Starting early next year, PS3 owners with Internet access in Japan will reportedly be able to download a host of HD offerings directly onto their PS3 hard drives (see our previous coverage). So now that both Sony and Microsoft are trying to provide video services to […]

Playstation 3
Starting early next year, PS3 owners with Internet access in Japan will reportedly be able to download a host of HD offerings directly onto their PS3 hard drives (see our previous coverage). So now that both Sony and Microsoft are trying to provide video services to device owners, it begs the question: Does video have a place in the world of video games?

It depends.

Video game consoles sell best when the hardware company’s main focus is video games. A quick snapshot of the industry bears this out: Sony (SNE) has been lagging due to its belief that impressive hardware specs and Blu-ray can carry the day; a focus on innovative gameplay, meanwhile, has put Nintendo out in front.

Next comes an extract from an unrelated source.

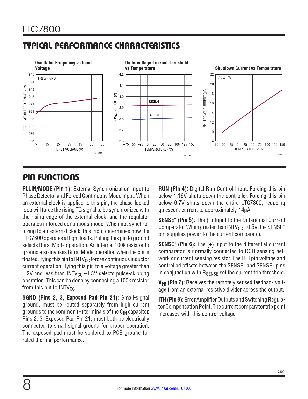 945 4.2 22 FREQ = GND VIN = 12V 944 4.1 20 943 18 942 4.0 RISING 941 16 3.9 939 VOLTAGE (V) CC 14 FALLING 938 3.8 INTV 12 937 SHUTDOWN CURRENT (µA) OSCILLATOR FREQUENCY (kHz) 3.7 936 10 935 3.6 8 5 15 25 35 45 55 65 –75 –50 –25 0 25 50 75 100 125 150 –75 –50 –25 0 25 50 75 100 125 150 INPUT VOLTAGE (V) TEMPERATURE (°C) TEMPERATURE (°C) 7800 G25 7800 G26 7800 G27

But as a source of additional revenue, getting into the video downloading business may not be a bad idea. As one report pointed out, Microsoft expects to make $726 million from its Xbox Live Video Marketplace by 2011.

That alone may have been enough to bring Sony — a company losing money on each sale of the PS3 — into the market video download market. But why isn’t Sony focusing on bringing gamers to its console? In an industry where hardware manufacturers usually sell consoles at a loss and rely on fees from software developers to turn a profit, focusing on the strength of its video game offerings should come first. After all, no one buys a video game console because it will let them download movies — they have Apple TVs for that.

Instead, the average consumer will buy a PS3 because it offers a library of games that will justify the purchase. Only at that point — when consumers own the PS3 and are using it on a regular basis — will Sony incur the benefits of offering VOD service. But until then, the company must focus on attracting developers and gamers because if nothing else, Sony should have found out by now that success in the video game industry has nothing to do with video and everything to do with gaming.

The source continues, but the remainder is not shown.